Executing this query takes a long time because the comments for every review in the table are sent individually to the Language service’s endpoint for analysis. Sending records in batches is more efficient when dealing with many records.

Let’s run the query below to perform the same update action, but this time send comments from the reviews table in batches of 10 (this is the maximum batch size allowed) and evaluate the difference in performance.
```
 WITH cte AS (
     SELECT azure_cognitive.analyze_sentiment(ARRAY(SELECT comments FROM reviews ORDER BY id), 'en', batch_size => 10) as sentiments
 ),
 sentiment_cte AS (
     SELECT
         ROW_NUMBER() OVER () AS id,
         sentiments AS sentiment
     FROM cte
 )
 UPDATE reviews AS r
 SET
     sentiment = (sentiment_cte.sentiment).sentiment,
     positive_score = (sentiment_cte.sentiment).positive_score,
     neutral_score = (sentiment_cte.sentiment).neutral_score,
     negative_score = (sentiment_cte.sentiment).negative_score
 FROM sentiment_cte
 WHERE r.id = sentiment_cte.id;
```
While this query is a bit more complex, using two CTEs, it is much more performant. In this query, the first CTE analyzes the sentiment of batches of review comments, and the second extracts the resulting table of sentiment_analysis_results into a new table containing an id based on the ordinal position and ``sentiment_analysis_result` for each row. The second CTE can then be used in the update statement to write the values into the database.
Next, run a query to observe the update results, searching for reviews with a negative sentiment, starting with the most negative first.
```
 SELECT
     id,
     negative_score,
     comments
 FROM reviews
 WHERE sentiment = 'negative'
 ORDER BY negative_score DESC;
```

Clean up

Once you have completed this exercise, delete the Azure resources you created. You are charged for the configured capacity, not how much the database is used. Follow these instructions to delete your resource group and all resources you created for this lab.

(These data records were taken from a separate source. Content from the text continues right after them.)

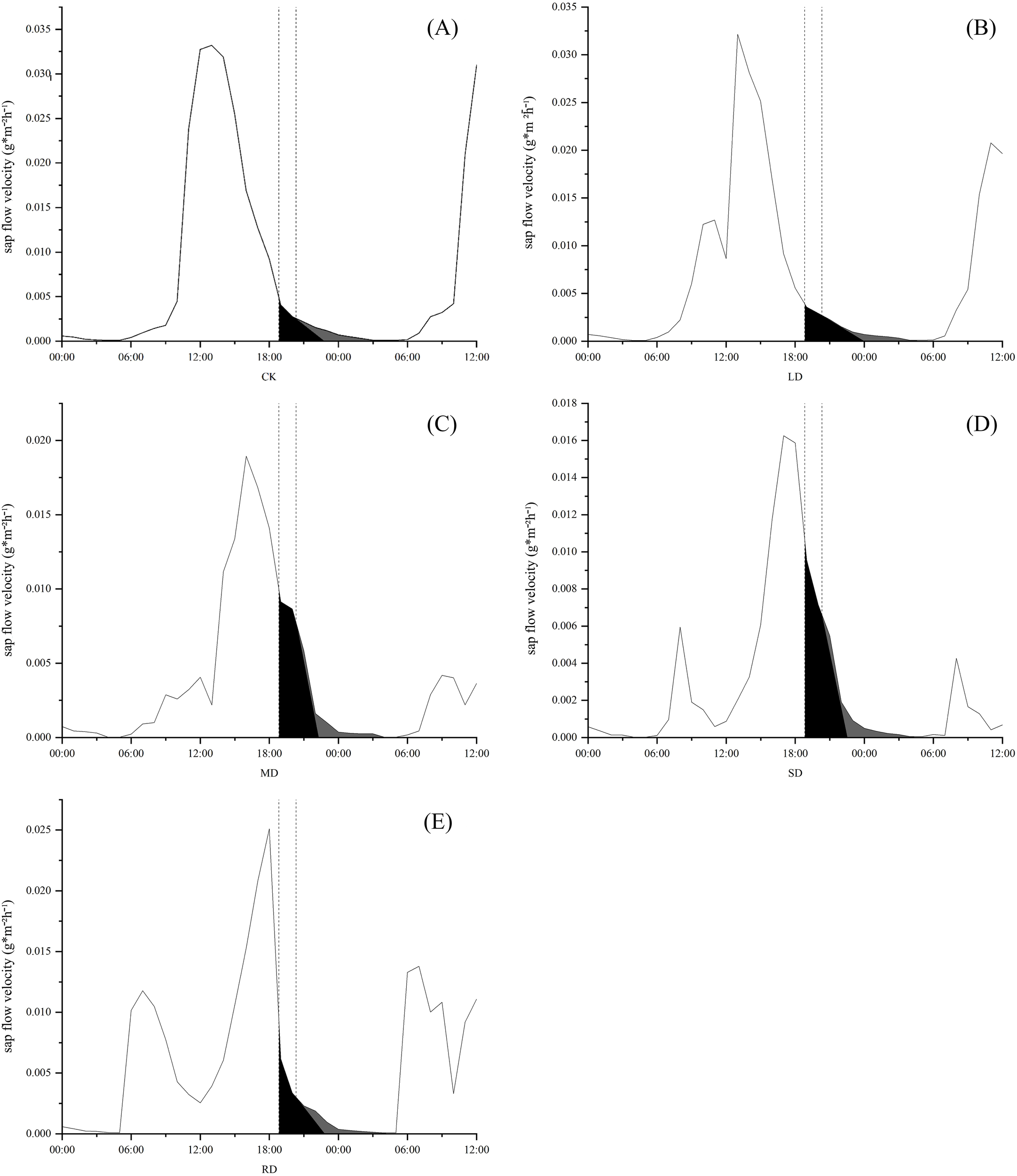 Distributional characteristics of sap flow of C. multiflorus under drought stress and rehydrated. The spacing between the two vertical gray dashed lines represents the lag time (80 minutes,18:50∼20:10) of sap flow activity and solar radiation changes. The black shaded area is nighttime stem rehydrated, and the gray shaded area is nighttime transpiration.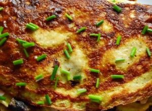 1/3 szklanki (80 ml) mleka spożywczego 2 % tłuszczu, 1 jajo kurze, 4 łyżki mąki żytniej typ 2000 (48 g), 1 kiwi, 1 łyżeczka oleju rzepakowego uniwersalnego, 1 łyżeczka ksylitolu (niekoniecznie; jeżeli szpinak zamiast kiwi, to świeży; można też czosnek, cebulę, masło i śmietanę lub jogurt naturalny)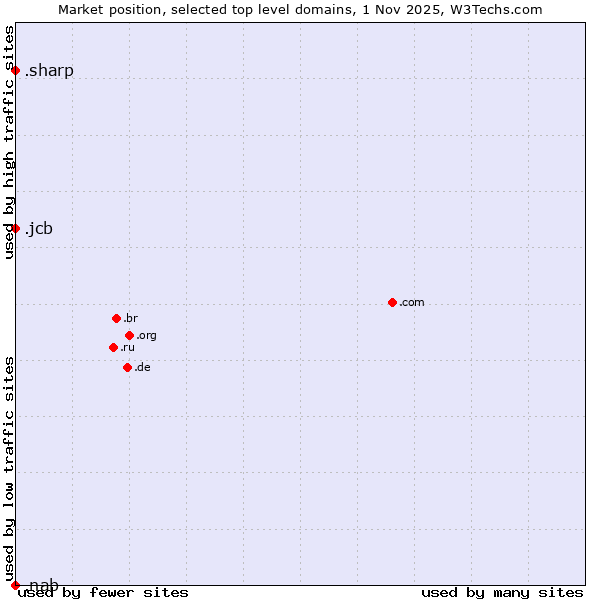 TechnologiesContent ManagementServer-side Languages Client-side Languages JavaScript Libraries CSS Frameworks Web Servers Web Panels Operating Systems Web Hosting Data Centers Reverse Proxies DNS Servers Email Servers SSL Certificate Authorities Content Delivery Traffic Analysis Tools Advertising Networks Tag Managers Social Widgets Site Elements Structured Data Markup Languages Character Encodings Image File Formats Top Level Domains Server Locations Content Languages | Technologies > Top Level Domains > Technology usage comparison Comparison of the usage statistics of .jcb (JCB brand) vs. .sharp (Sharp brand) vs. .nab (National Australia Bank brand) for websitesThis report shows the usage statistics of .jcb (JCB brand) vs. .sharp (Sharp brand) vs. .nab (National Australia Bank brand) as top level domain on the web. See technologies overview for explanations on the methodologies used in the surveys. Our reports are updated daily. UsageThis diagram shows the percentages of websites using the selected technologies. How to read the diagram: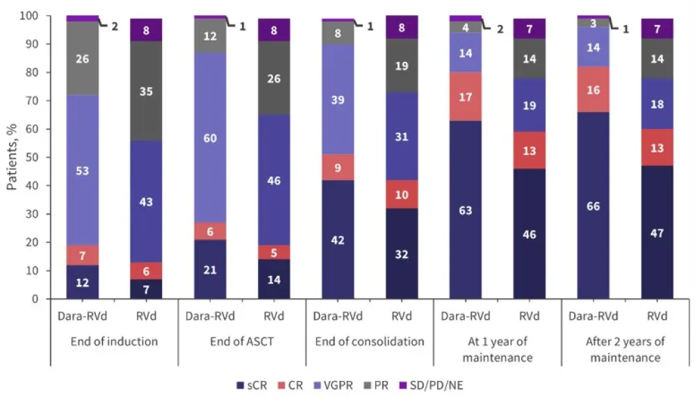 ASCT, autologous stem cell transplant; CR, complete response; dara-RVd, daratumumab, lenalidomide, bortezomib, and dexamethasone; NE, not evaluable; PD, disease progression; RVd, lenalidomide, bortezomib, and dexamethasone; sCR, stringent CR; SD, stable disease; VGPR, very good partial response.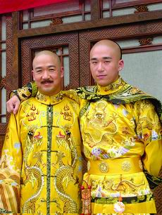 現(xiàn)場(chǎng)張國(guó)立、張默父子一起“黃袍加身”,各穿一身龍袍并肩亮相,父子倆還摟在一起合影,氣氛非常和諧!讹w龍倚天游》中飾演乾隆皇帝的張國(guó)立與飾演十四阿哥的張默再度出演父子!洱埛驱堷P非鳳》中張默則扮演光緒皇帝,張國(guó)立出演反派一號(hào)世鐸王爺。兩部劇同時(shí)開拍,也讓父子倆有機(jī)會(huì)“同登皇位”。不過父子倆從未在一起接受采訪,張國(guó)立當(dāng)著兒子的面向來是嚴(yán)父模樣,但背地里卻喜歡講兒子的好話。(趙楠楠)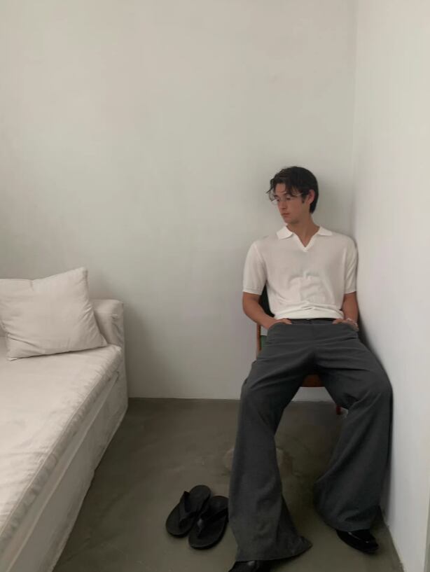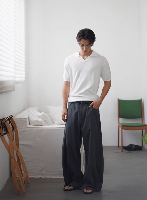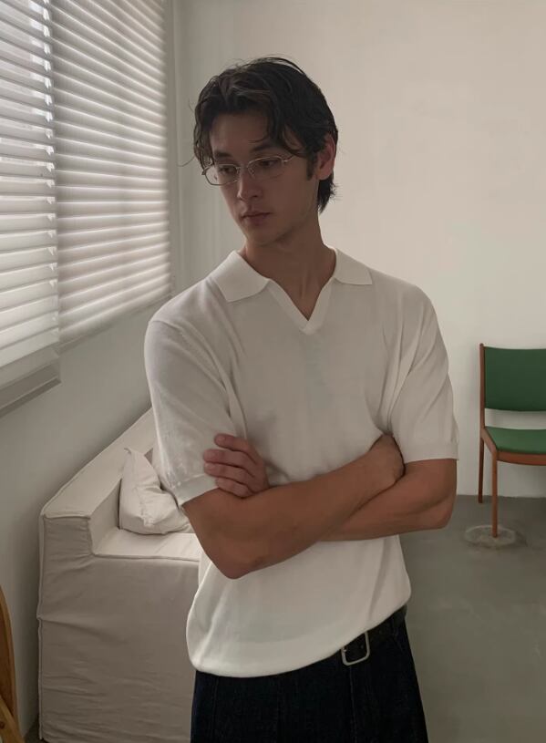 ・オープンカラー(開き衿)× Vネック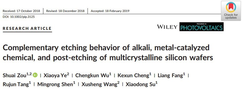 2019年,最新发表在Progress in Photovoltaics: Research and Applications的论文,提出了互补刻蚀的新机制,所制备的多晶黑硅电池外观均匀,并具有优异的电池/组件弱光响应以及较高发电功率。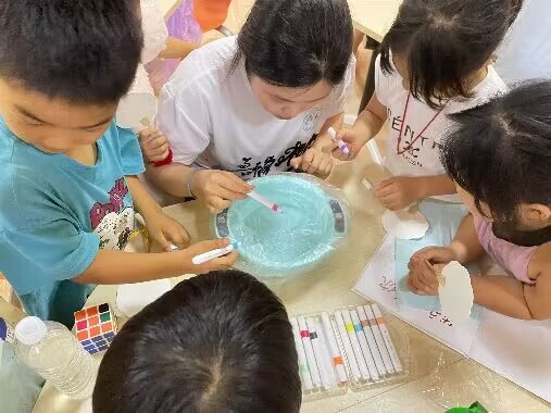 一二年級的小朋友們在谷雨老師的指導下,親手體驗了漆扇制作,于水墨丹青之間領略藝術的魅力。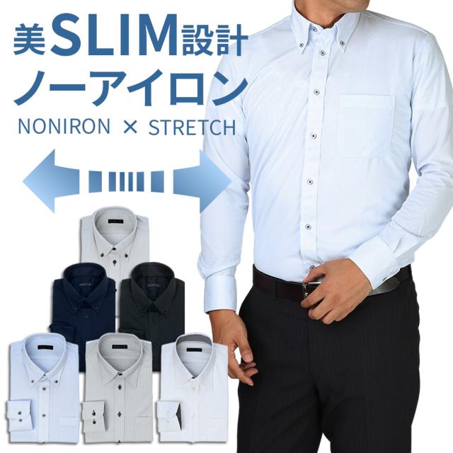 ワイシャツ ノーアイロン スリム ストレッチ 長袖 メンズ ニットシャツ 2枚は2通 メール便で送料無料 sun-ml-sbu-1788 形態安定 シャツ 白 青 ボタンダウン レギュラー襟 Yシャツ カッターシャツ ドレスシャツ ポロシャツ ビジネスシャツ 標準体 クールビズ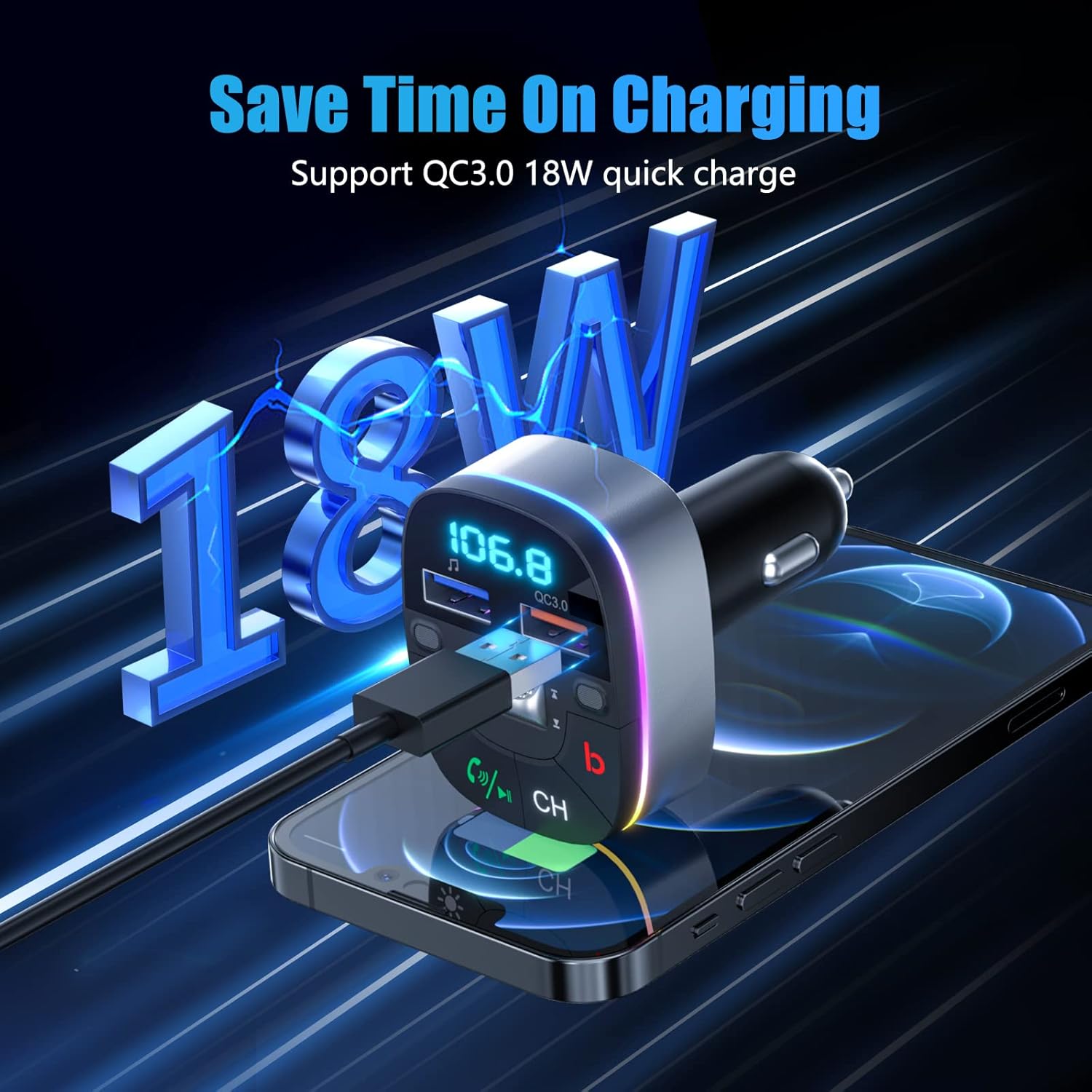 - QC3.0 Quick Charger and Dual USB Ports: The car charger features 2 USB ports, allowing you to charge 2 devices simultaneously with high-speed charging for both the driver and passenger. The QC3.0 quick charging port delivers 5V/3A, up to 18W max, while the second USB port (5V/1A) not only charges devices but also supports music playback from a USB stick in MP3, WMA, and WAV formats

Open a web browser and navigate to the Azure portal, and on the home page, select Resource groups under Azure services.
In the filter for any field search box, enter the name of the resource group you created for this lab, and then select your resource group from the list.
On the Overview page of your resource group, select Delete resource group.
In the confirmation dialog, enter the resource group name you are deleting to confirm and then select Delete.